Romneycare’s Fine Print
By Besty McCaughery
Wall Street Journal 5/5/06
Republicans and Democrats are hailing Massachusetts’s new universal health coverage law as a model for what other states should do. Before you conclude that your state should enact a similar law, you might want to know how it would affect you. A careful reading of the Massachusetts law turns up surprises.
Everyone should have access to health care. Massachusetts aims to achieve this goal with a double mandate: All residents must have health coverage (Section 12) and all employers with more than 10 workers must assume ultimate financial responsibility if employees or their immediate family members need expensive medical care and can’t pay for it (Sections 32, 44).
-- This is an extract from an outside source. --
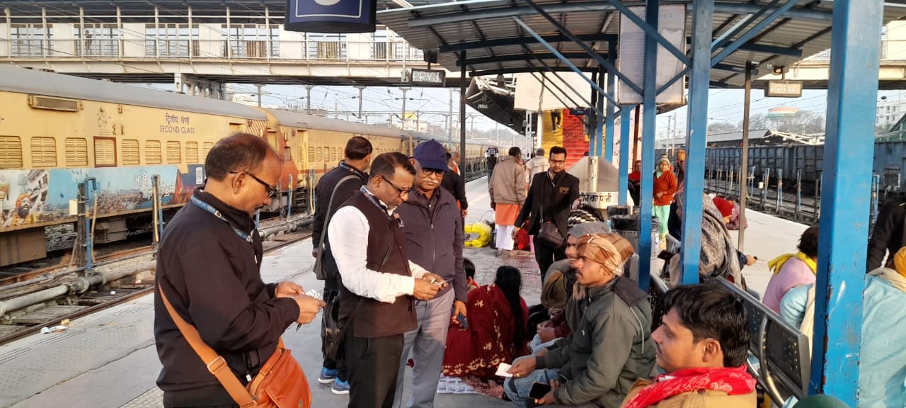 वरिष्ठ मंडल वाणिज्य प्रबंधक/प्रयागराज, श्री हरिमोहन के मार्गदर्शन में यात्रियों को उच्च स्तरीय सेवा प्रदान एवं बिना टिकट और अनियमित यात्रा पर प्रभावी अंकुश लगाने तथा यात्रियों को रेल नियमों के प्रति जागरूक करने के लिए प्रयागराज मंडल द्वारा प्रयागराज जंक्शन पर किलेबंदी कर टिकट चेकिंग अभियान चलाया गया । दिनांक 04.02.2026 को सहायक मंडल वाणिज्य प्रबंधक (कोचिंग)/प्रयागराज, श्री दिनेश कुमार एवं स्टेशन निदेशक/प्रयागराज जंक्शन, श्री वी.के द्विवेदी के सुपरविजन में प्रयागराज जंक्शन पर किलेबंदी कर सघन टिकट चेकिंग अभियान चलाया गया गया । इस अभियान के दौरान कुल 300 यात्रियों को प्रभारित कर ₹1,97,250 /- रुपये का जुर्माना वसूला गया । इनमें बिना टिकट यात्रा करने वाले 93 यात्रियों से ₹ 92,800 /-, अनियमित यात्रा करने वाले 207 यात्रियों से ₹1,04,450 /- रूपये जुर्माना वसूला गया । इसी क्रम में दिनांक 05.02.2026 को प्रयागराज जंक्शन – सूबेदारगंज स्टेशन के मध्य किलेबंदी कर जांच के दौरान कुल 1,600 किलोग्राम अनबुक्ड लगेज के साथ चार यात्रियों को पकड़ा गया । उक्त अनबुक्ड लगेज पर ₹16,291/- जुर्माना एवं यात्रियों से बिना टिकट यात्रा के लिए ₹1,500/- जुर्माना वसूला गया । इस अभियान में मंडल मुख्य टिकट निरीक्षक/प्रयागराज, श्री दिवाकर शुक्ला, मुख्य वाणिज्य निरीक्षक/ प्रयागराज जंक्शन, श्री आर.पी मीना एवं चेकिंग स्टाफ के साथ आरपीएफ एवं जीआरपी स्टाफ की सक्रिय सहभागिता रही । इस अभियान के दौरान यात्रियों को Rail One App के माध्यम से टिकट लेने एवं 14 जुलाई 2026 तक उपलब्ध 3% विशेष छूट का लाभ उठाकर अपने सफर को स्मार्ट एवं सहज बनाने के लिए भी जागरूक किया गया । रेल प्रशासन यात्रियों से अपील करता है कि वे यात्रा के लिए उचित एवं वैध टिकट लेकर ही यात्रा करें, स्टेशन परिसर में एक प्लेटफॉर्म से दूसरे प्लेटफॉर्म पर जाने के लिए फुट ओवर ब्रिज का ही उपयोग करें तथा रेल परिसरों को स्वच्छ एवं सुरक्षित बनाए रखने में सहयोग प्रदान करें। अमित कुमार सिंह जनसम्पर्क अधिकारी प्रयागराज मंडल, उत्तर मध्य रेलवे Post navigation जिलाधिकारी ने कलेक्ट्रेट परिसर स्थित विभिन्न कार्यालयों का किया औचक निरीक्षण, दिए आवश्यक निर्देश कार्मिकों से उनके कार्यों के बारे में जानकारी लेते हुए सभी पटलों पर सम्बंधित कार्मिंको का नाम, पदनाम तथा उनके द्वारा सम्पादित किए जाने वाले कार्यों की सूची लगाये जाने के दिए निर्देश कृषि विभाग द्वारा आयोजित 05 दिवसीय विराट किसान मेले के चतुर्थ दिवस का आयोजन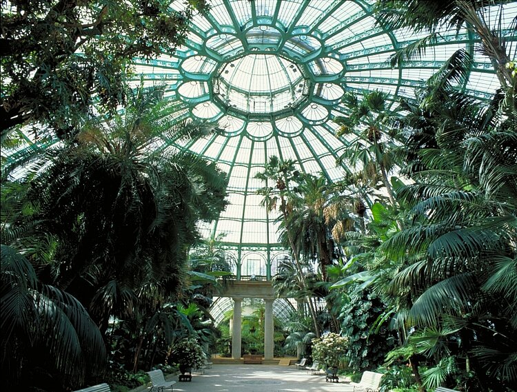 Seit über 100 Jahren öffnen die königlichen Gewächshäuser zu Laeken, nördlich von Brüssel, einmal jährlich für wenige Wochen ihre Tore. Ein knapp ein Kilometer langer Spaziergang führt durch Glasgalerien und Pavillons mit zahlreichen Palmenriesen, Blumenteppichen und exotischen Pflanzen. Der Palmengarten aus Glas und Stahl besteht aus einem breiten gläsernen Rundgang und einer Kuppel mit einer Höhe von 25 Metern, die von 36 Säulen getragen wird. Bis an die Decke reichen die mächtigen Dattelpalmen. In den Felswänden des Wintergartens blühen verschiedenfarbige Orchideen. In der fast hundert Meter langen Orangerie gedeihen über 200 Jahre alte Zitrus- und Lorbeerbäume.

What is the impact on individuals? The state will offer subsidies to help low income residents pay for coverage (Section 19), but most of the uninsured earn too much to be eligible. An individual making $29,000 or more would probably have to pay the full cost or find a job that provides health insurance. Individual coverage costs about $3,600 in Massachusetts — a hefty bill. Moreover, under the new law, individuals purchasing their own insurance must buy HMO policies. Preferred provider plans (PPOs) — which give you more ability to choose your own doctors and treatments — are not allowed (Section 65).
The impact of this law on employers is substantial. The original bill required employers with more than 10 full-time workers to provide all of them (and their families) with health insurance or to opt out of that requirement by paying a $295 annual tax per worker into a state fund. This modest penalty was highly publicized by the bill’s supporters as proof that the bill would not be a heavy burden on businesses. Nevertheless, Gov. Romney vetoed it, perhaps to display his Republican credentials as a tax-cutter.
The Massachusetts House of Representatives overrode the veto — but the reality is that the $295 penalty is small potatoes compared with the other obligations in the law. Say, for example, you open a restaurant and don’t provide health coverage. If the chef’s spouse or child is rushed to the hospital and can’t pay because they don’t have insurance, you — the employer — are responsible for up to 100% of the cost of that medical care. There is no cap on your obligation. Once the costs reach $50,000, the state will start billing you and fine you $5,000 a week for every week you are late in filling out the paperwork on your uncovered employees (Section 44). These provisions are onerous enough to motivate the owners of small businesses to limit their full-time workforce to 10 people, or even to lay employees off.
What else is surprising about this new law? Union shops are exempt (Section 32).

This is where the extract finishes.